On a pro forma basis assuming consummation of all previously announced acquisitions, Sinclair Broadcast Group, Inc., the largest and one of the most diversified television broadcasting companies in the U.S., will own and operate, program or provide sales services to 162 television stations in 77 markets. Sinclair’s television group will reach approximately 38.7% (24.3% for purposes of the 39% FCC ownership cap) of U.S. television households and will be affiliated with all major networks. Sinclair’s television portfolio will include 38 FOX, 29 ABC, 26 CBS, 25 CW, 22 MNT,15 NBC, 5 Univision, one Azteca and one independent station. Sinclair owns equity interests in various nonbroadcast related companies. The Company regularly uses its website as a key source of Company information which can be accessed at www.sbgi.net.

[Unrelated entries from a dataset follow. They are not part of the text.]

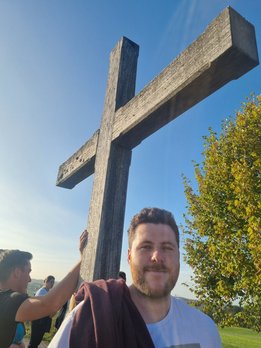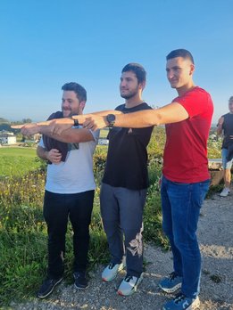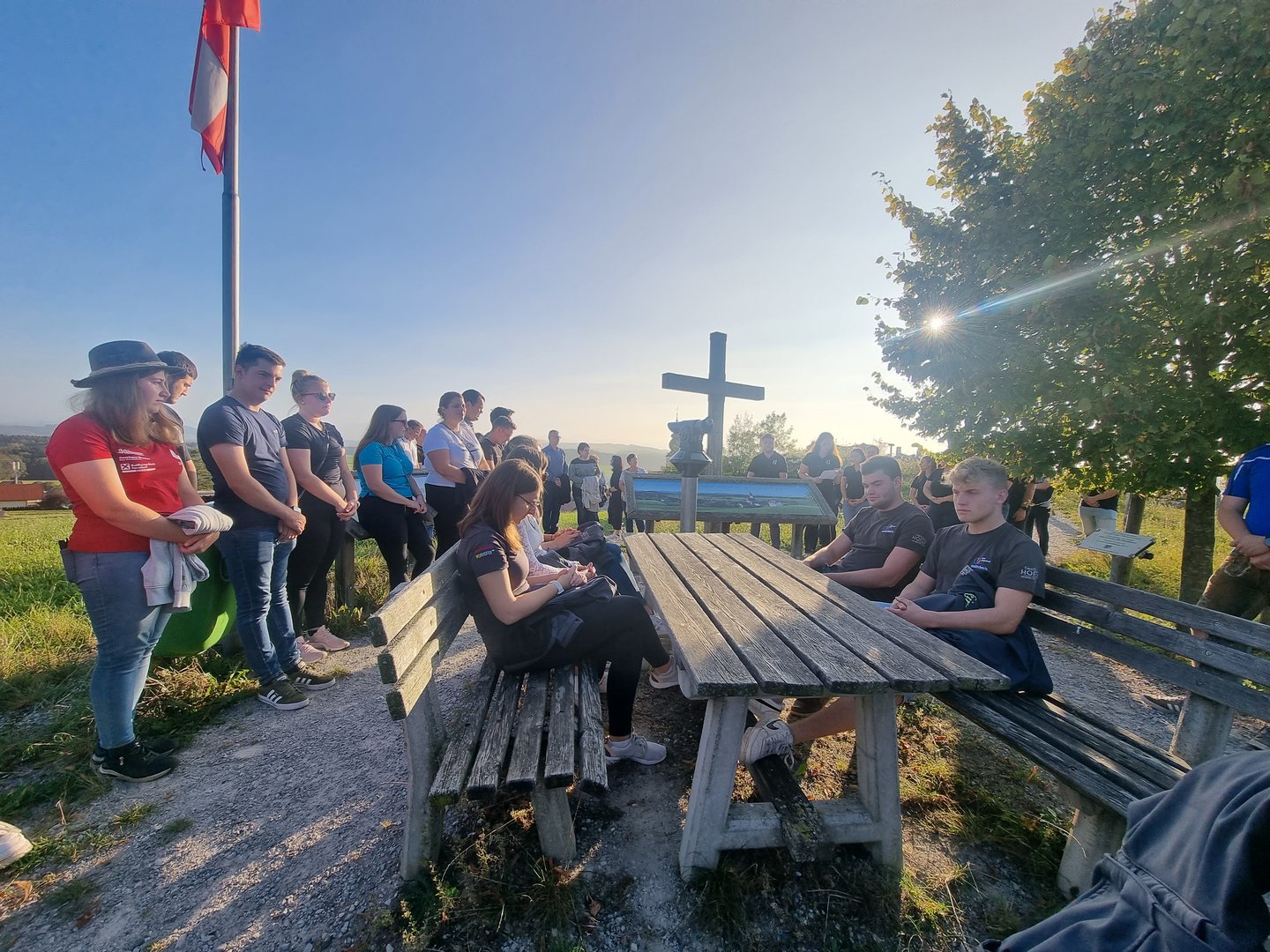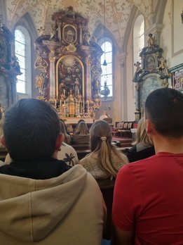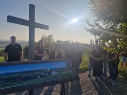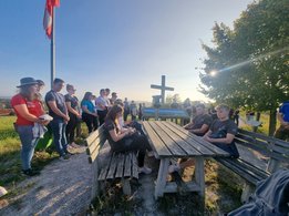Nach einem kurzen Marsch auf einen Hügel hörten die Teilnehmerinnen und Teilnehmer ein Gedicht von der Leiterin der austragenden Landjugend. Auch ein paar Informationen über den Ort bekam die Gruppe zu hören. Das Kreuz oben auf dem Hügel hat die Landjugend Kirchberg vor einigen Jahren aus einem Baum, in dem der Blitz eingeschlagen hat, gefertigt und als Gipfelkreuz auf dem Hügel aufgestellt. Nach der kurzen besinnlichen Zeit und nach einigen gelungenen Fotos mit den letzten Sonnenstrahlen des Tages, erwartete die Wortgottesdienstleiterin die Landjugendlichen in der Kirche. Umrahmt mit schönen Querflötenstücken und Gesang gestaltete die Landjugend Kirchberg und die Wortgottesdienstleiterin den Gottesdienst zeitgemäß und passend zum jungen Publikum.
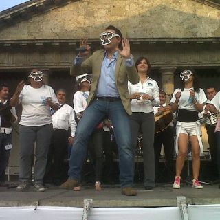 GUADALAJARA, JALISCO (10/JUN/2012).- Con un ambiente musical, simpatizantes del Partido Nueva Alianza permanecen en la explanada del Instituto Cultural Cabañas, en apoyo a sus candidatos, principalmente por Gabriel Quadri, quien aspira a la presidencia del país.
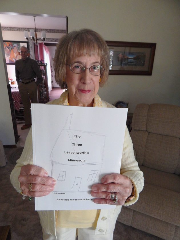 - Patricia Windschitl Schieffert holds a rough draft of her book “The Three Leavenworths Minnesota.”

The matters discussed in this press release include forward-looking statements regarding, among other things, future operating results. When used, the words “outlook,” “intends to,” believes,” “anticipates,” “expects,” “achieves,” and similar expressions are intended to identify forward-looking statements and information. Such forward-looking information is subject to a number of risks and uncertainties. Actual results in the future could differ materially and adversely from those set forth in the forward-looking information as a result of various important factors, including and in addition to the assumptions set forth therein, but not limited to, STG’s ability to consummate the refinancing of its bank credit facility and obtain the necessary approvals to close on the pending acquisitions, the impact of changes in national and regional economies, the volatility in the U.S. and global economies and financial credit markets which impact our ability to forecast or refinance our indebtedness as its comes due, successful execution of outsourcing agreements, pricing and demand fluctuations in local and national advertising, volatility in programming costs, the market acceptance of new programming, the CW Television and MyNetworkTV programming, our news share strategy, our local sales initiatives, the execution of retransmission consent agreements, our ability to identify and consummate investments in attractive non-television assets and to achieve anticipated returns on those investments once consummated, and any risk factors set forth in the Company’s recent reports on Form 8-K, Form 10-Q and/or Form 10-K, as filed with the Securities and Exchange Commission. There can be no assurance that the assumptions and other factors referred to will occur. The Company undertakes no obligation to update such forward-looking information in the future except as required by law.